How to get the best car loan in 2019

Getting a car loan can be very confusing. There are so many strange processes to go through; so many strange finance words to decipher.

So it’s not surprising that some people end up with a bad loan – one that might have a high interest rate or excessive fees or too little flexibility.

There’s no definitive ‘best’ car loan, because what’s best for one person might not be best for another. But if you want a loan that minimises your repayments, follow these five steps:

  • Shop around
  • Save a deposit
  • Secure the loan
  • Reduce your loan term
  • Choose your preferred interest type

1. Shop around

The most important thing to do if you want the best car loan is shop around.

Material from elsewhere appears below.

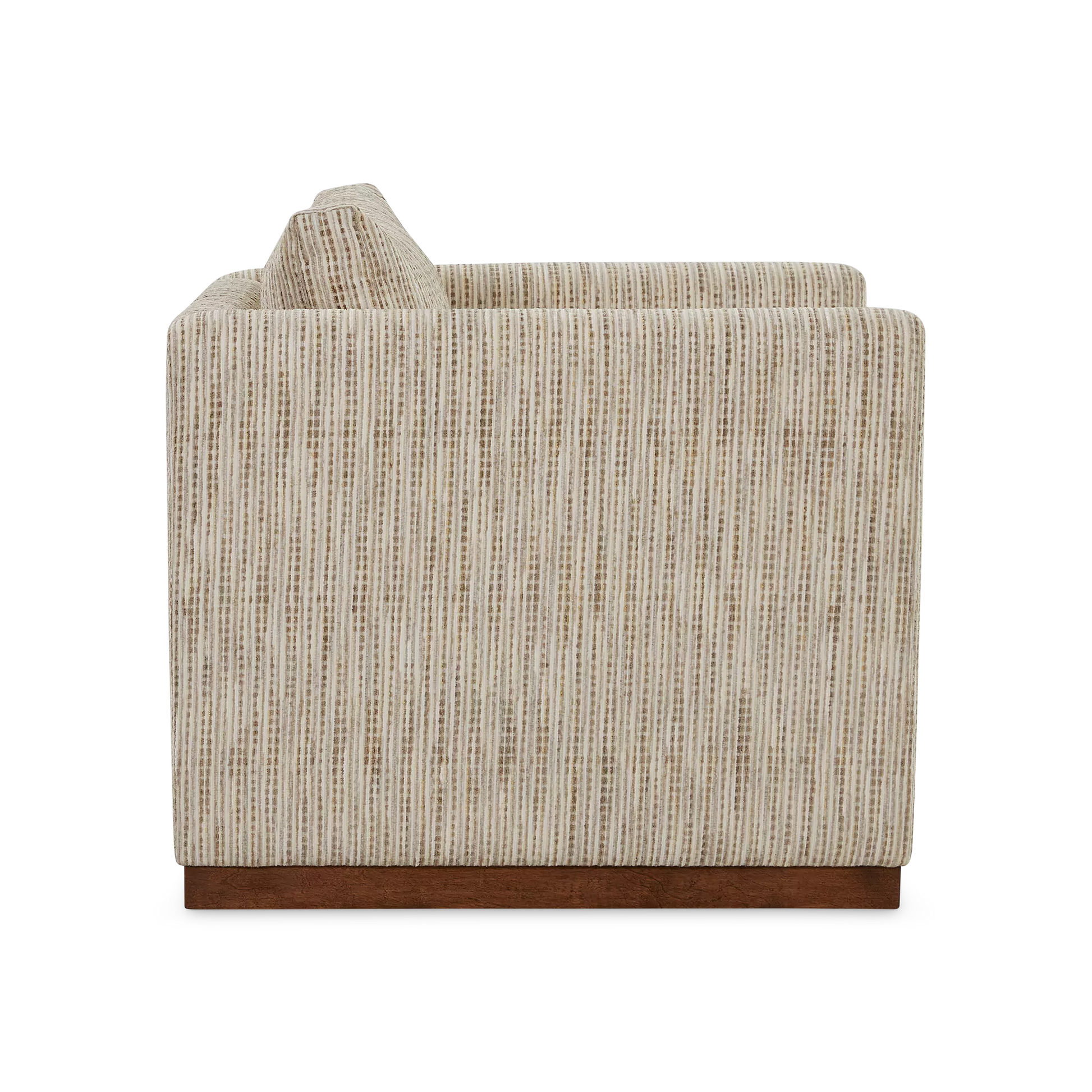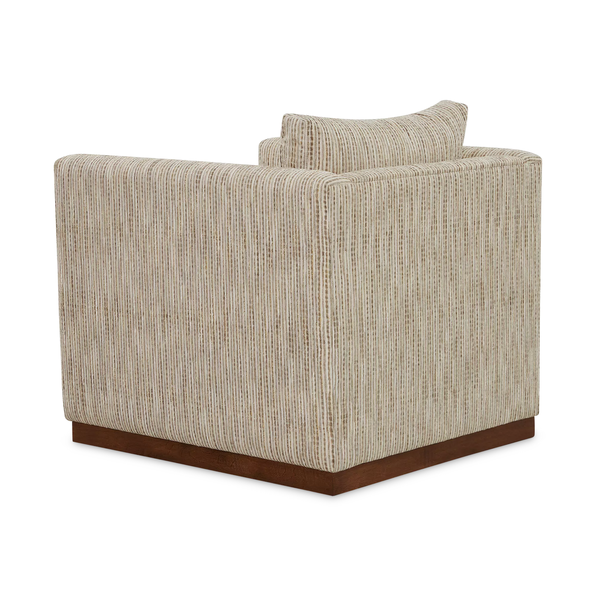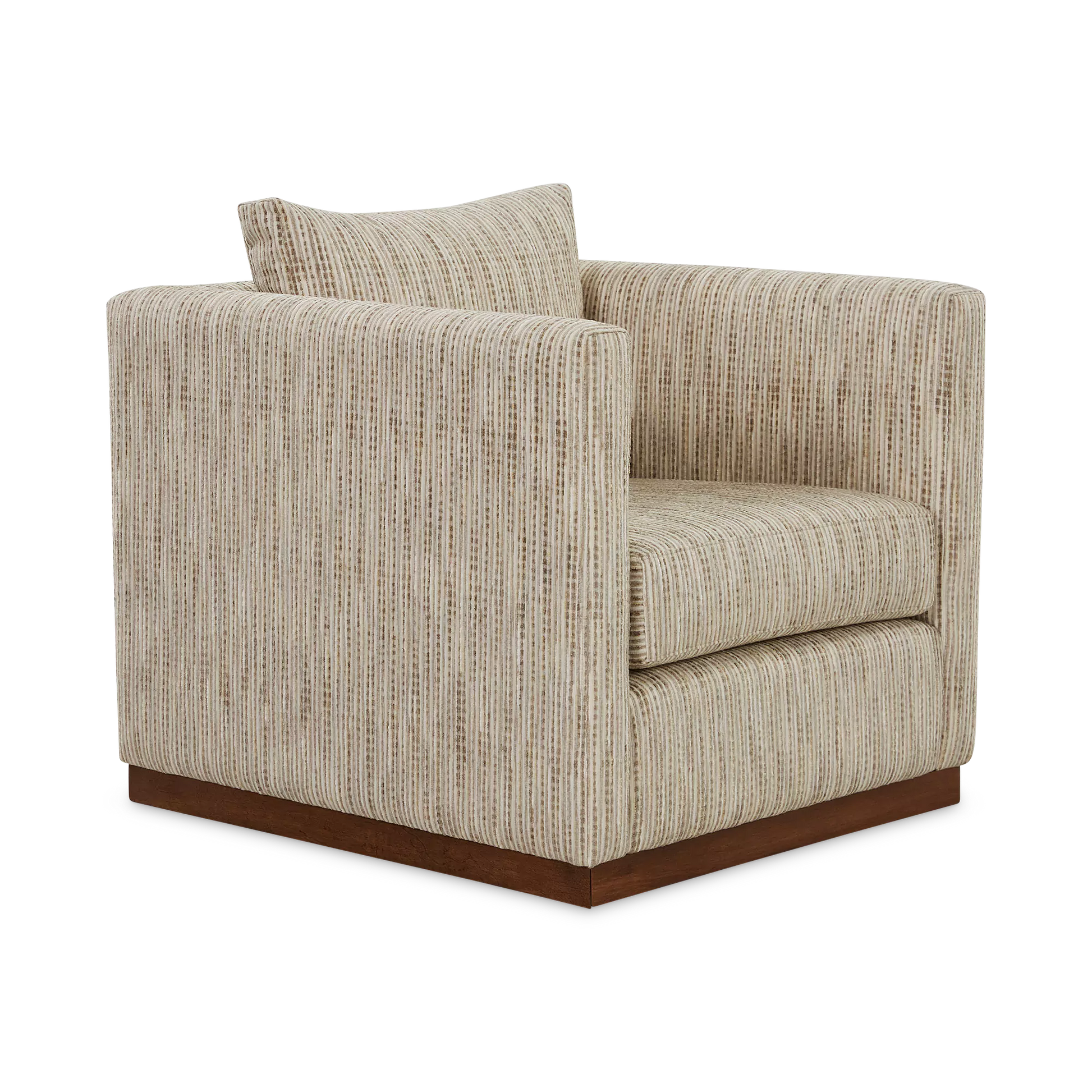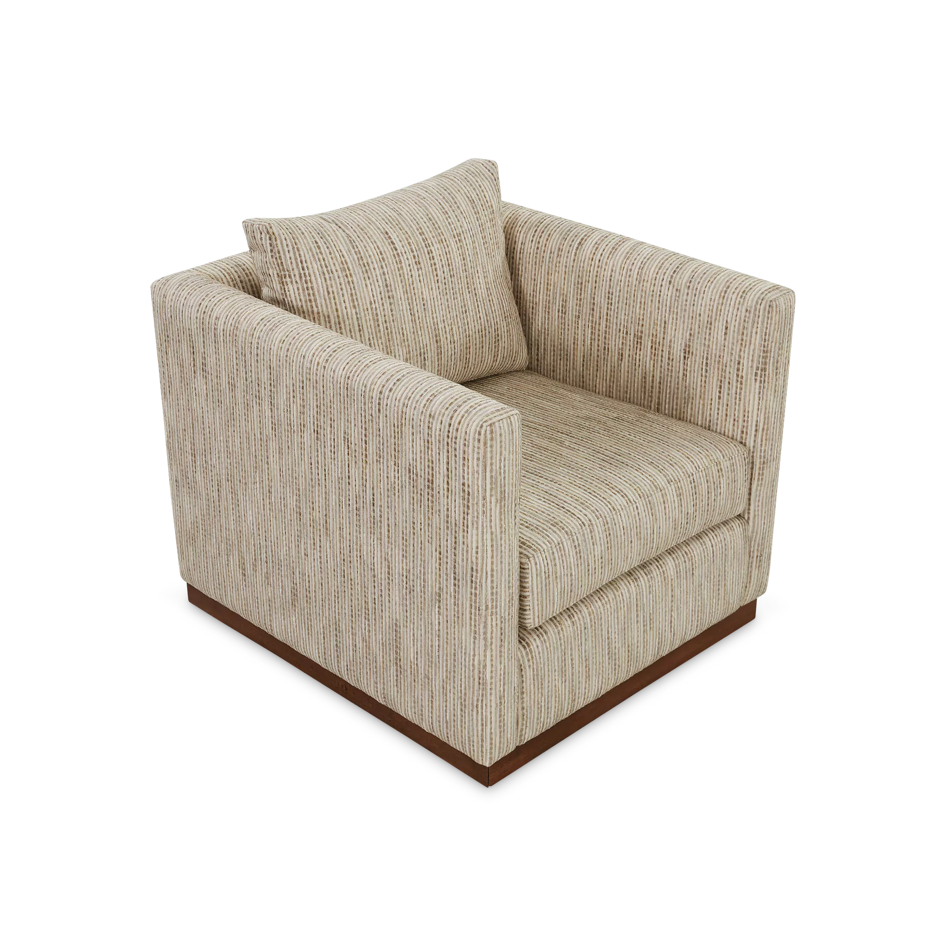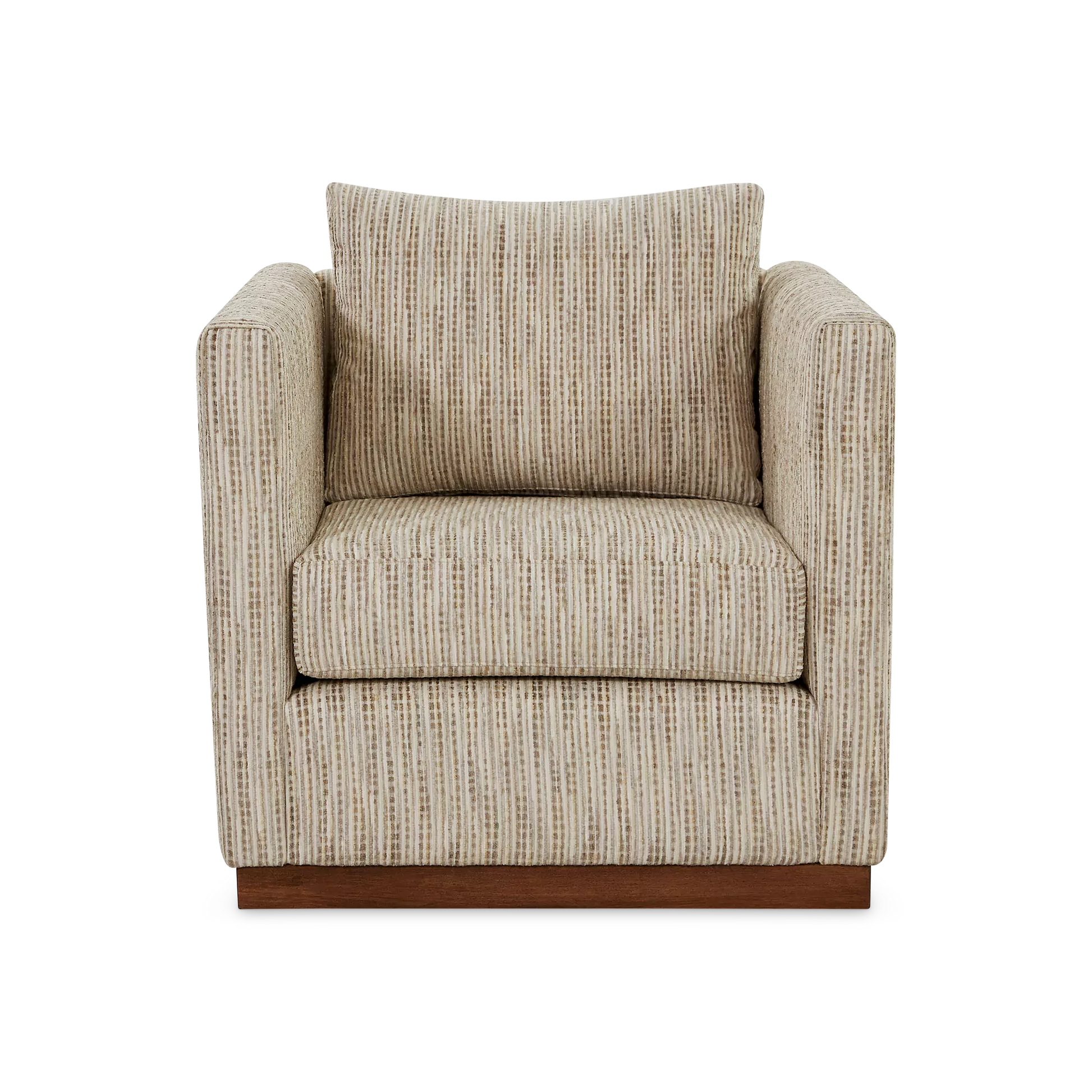 Resolutely timeless, the Spin swivel chair stands out with a square shape, soft, heathered fabric upholstery and plush cushions. An exclusive, Canadian-made design.

Sadly, your long-term bank is highly unlikely to reward you for your loyalty. They generally save their special deals for new customers they’re trying to entice not old ones they expect to keep.

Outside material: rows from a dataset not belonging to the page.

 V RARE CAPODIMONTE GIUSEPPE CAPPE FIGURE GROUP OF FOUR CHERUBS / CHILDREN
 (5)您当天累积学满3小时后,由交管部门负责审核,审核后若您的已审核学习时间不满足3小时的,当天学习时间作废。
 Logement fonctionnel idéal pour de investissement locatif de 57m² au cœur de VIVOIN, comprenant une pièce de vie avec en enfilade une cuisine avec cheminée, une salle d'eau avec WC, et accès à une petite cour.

There are a few different ways to shop around. One is to call lots of different lenders – effective, but time-consuming. Another is to go straight to a car finance specialist like Broli, which allows you to immediately compare more than 20 lenders, including big banks and low-rate providers.

2. Save a deposit

As a general rule, the bigger your deposit, the more likely a lender is to offer you a lower interest rate, lower fees and better loan features.

Deposits are measured in percentage terms. So a $5,000 deposit on a $25,000 car purchase (equivalent to a 20 per cent deposit) would actually be ‘bigger’ than a $7,000 deposit on a $50,000 purchase (equivalent to 14 per cent).

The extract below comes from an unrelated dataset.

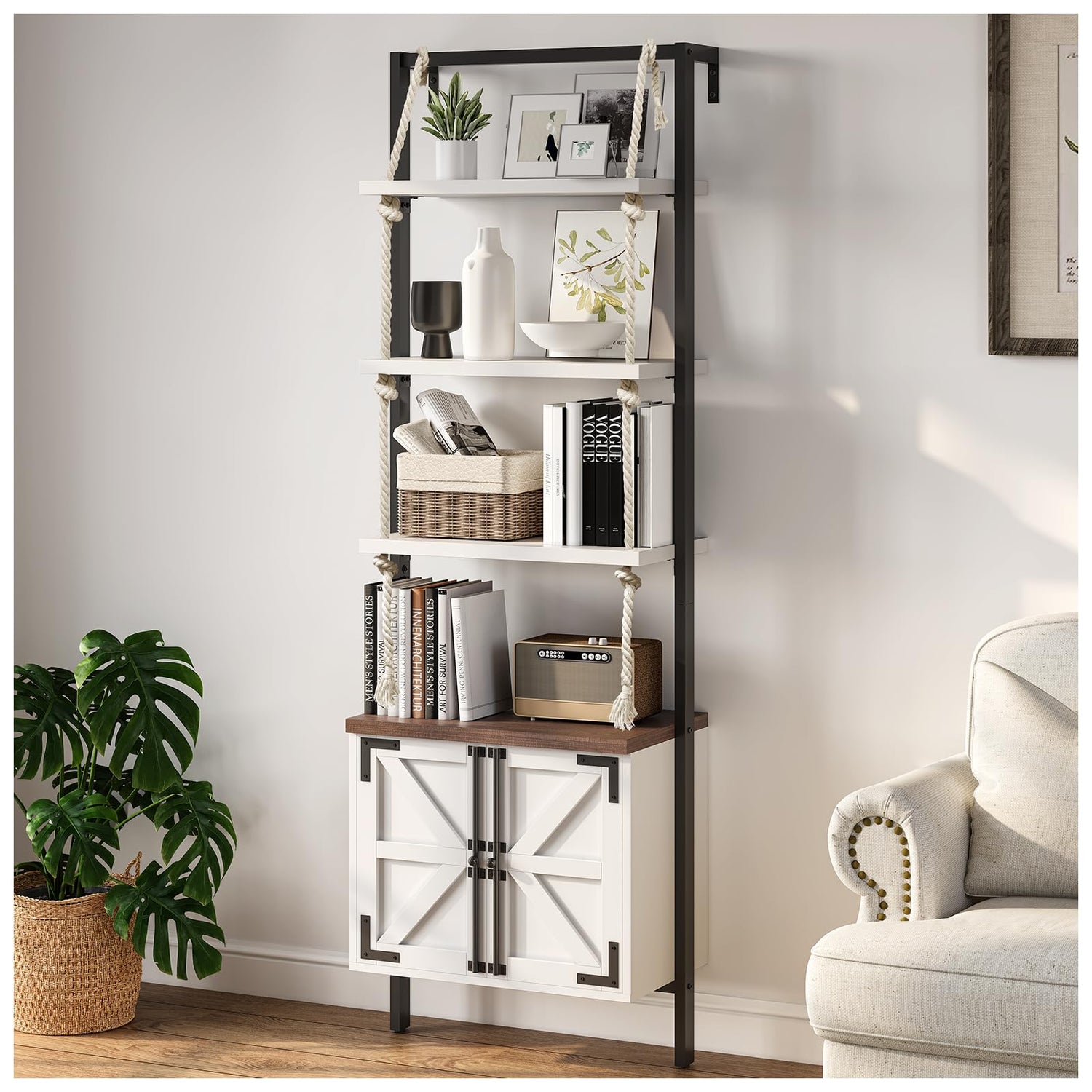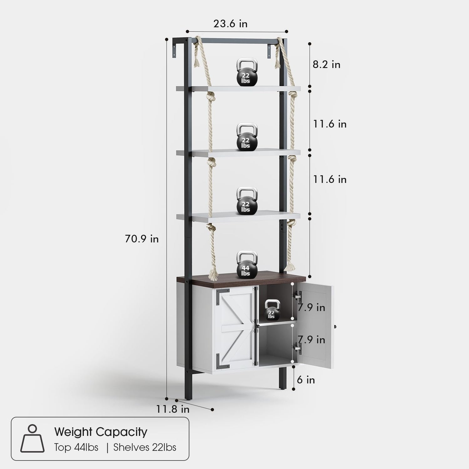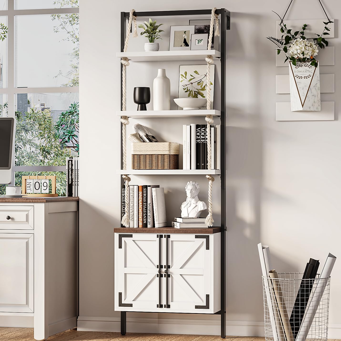 JOINICE,Farmhouse Bookshelf with Storage,71" Tall Industrial Bookcase with Shelves and Cabinet,5 Tier,Wall Mounted Ladder Shelf with Display Rack for Bedroom,Living Room,White

Got a deposit? Click here to see if you qualify for a car loan.

3. Secure the loan

Just as lenders tend to reward borrowers for larger deposits, they also tend to give the best deals to those who provide security (or collateral) – which tends to be the car itself.

If you choose a secured car loan, you’ll probably get a lower rate and lower fees than if you take out an unsecured car loan.

Click here to compare secured and unsecured car loans.

4. Reduce your loan term

One way to reduce the overall cost of your loan is to shorten the loan term – assuming, of course, that you can meet the repayments.

A shorter loan term means higher monthly repayments and lower total repayments, while a longer loan term means lower monthly repayments and higher total repayments.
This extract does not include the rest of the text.